Classes in Python get inheritance for free, but because they're not
really prototype-based, it's not easy to dynamically add or remove
methods to existing objects on-the-fly.

An object's methods are also bound to the object itself once it's
created; that is, the ``self`` parameter that's passed to them is
always the same, unlike the ``this`` parameter in JavaScript which
changes based on the object the function is attached to:

    >>> f = Foo(5)
    Foo created.
    >>> doThing = f.doThing
    >>> doThing()
    6

Operator Overloading, Special Methods, and Properties
=====================================================

Classes can define methods with special names to do all sorts of
dynamic things, from operator overloading to custom properties and
more.  Some of these dynamic features are available in JavaScript, and
some aren't.  You can read about tehm more in the Python Reference
Manual's section on `special method names`_.

.. _`special method names`: http://docs.python.org/ref/specialnames.html

Exceptions
==========

They work as expected, and there's a number of `built-in ones`_.

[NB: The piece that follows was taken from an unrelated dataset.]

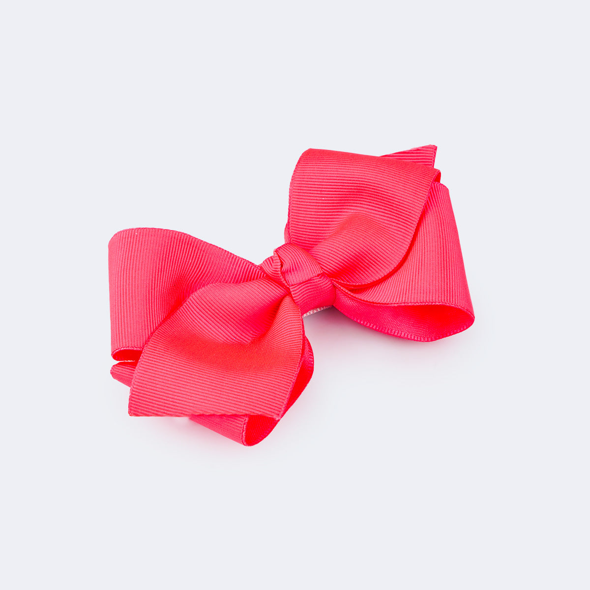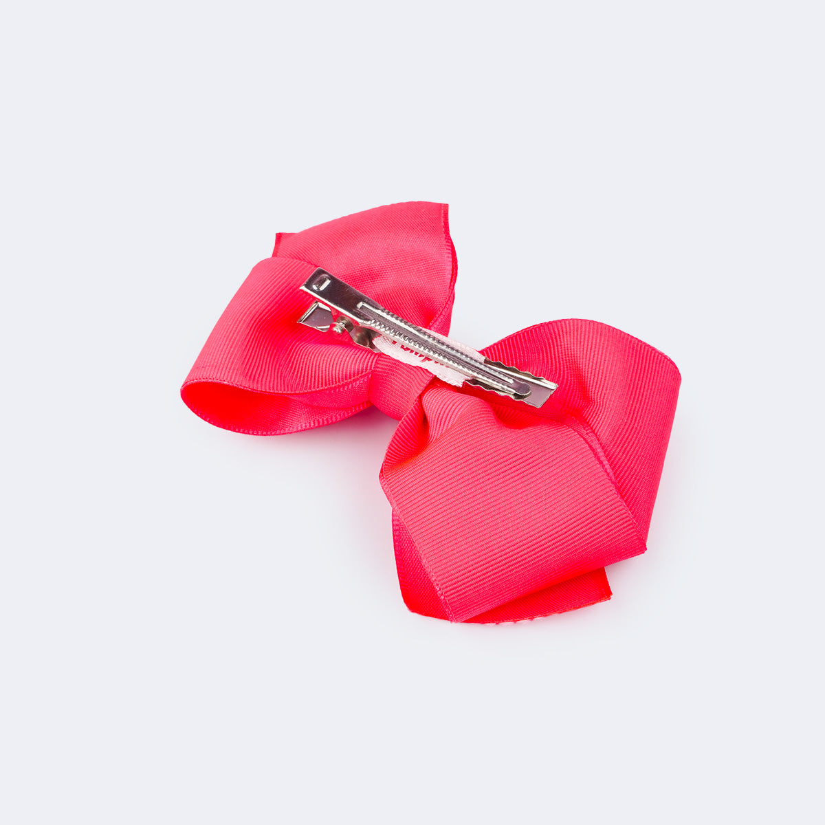 Presilha de cabelo infantil com laço estruturado de fita rosa neon. Hair clip para cabelo com bico de pato em metal, resistente, prático e super fácil de usar!

Python prefers the term ``raise`` to JavaScript's ``throw``, and
``except`` to JavaScript's ``catch``.  Given this, the following
code is fairly self-explanatory:

    >>> try:
    ...     raise Exception("Oof")
    ... except Exception, e:
    ...     print "Caught an exception: %s" % e
    Caught an exception: Oof

.. _`built-in ones`: http://docs.python.org/lib/module-exceptions.html

Coding Style
============

Python has a coding convention that's generally been embraced
throughout the community; almost all libraries use it.  It's contained
in `PEP 8`_.

.. _`PEP 8`: http://www.python.org/dev/peps/pep-0008

Documentation Testing
=====================

One of the most useful features of Python is one of its standard
library modules.  The `doctest`_ module allows you to test
interactive interpreter excerpts embedded either in the docstrings of
your Python code or separate files to verify their correctness.  It's
an excellent way to turn your documentation into your unit tests, and
it's also how the document you're reading right now is tested for
accuracy.

.. _`doctest`: http://docs.python.org/lib/module-doctest.html

TODOs
=====

TODO: Mention TinyPy.

TODO: Link to instructions on how to make your own modules, packages,
etc.

TODO: Mention generators, generator comprehensions/expressions, array
comprehensions, other stuff lifted from Python by JS.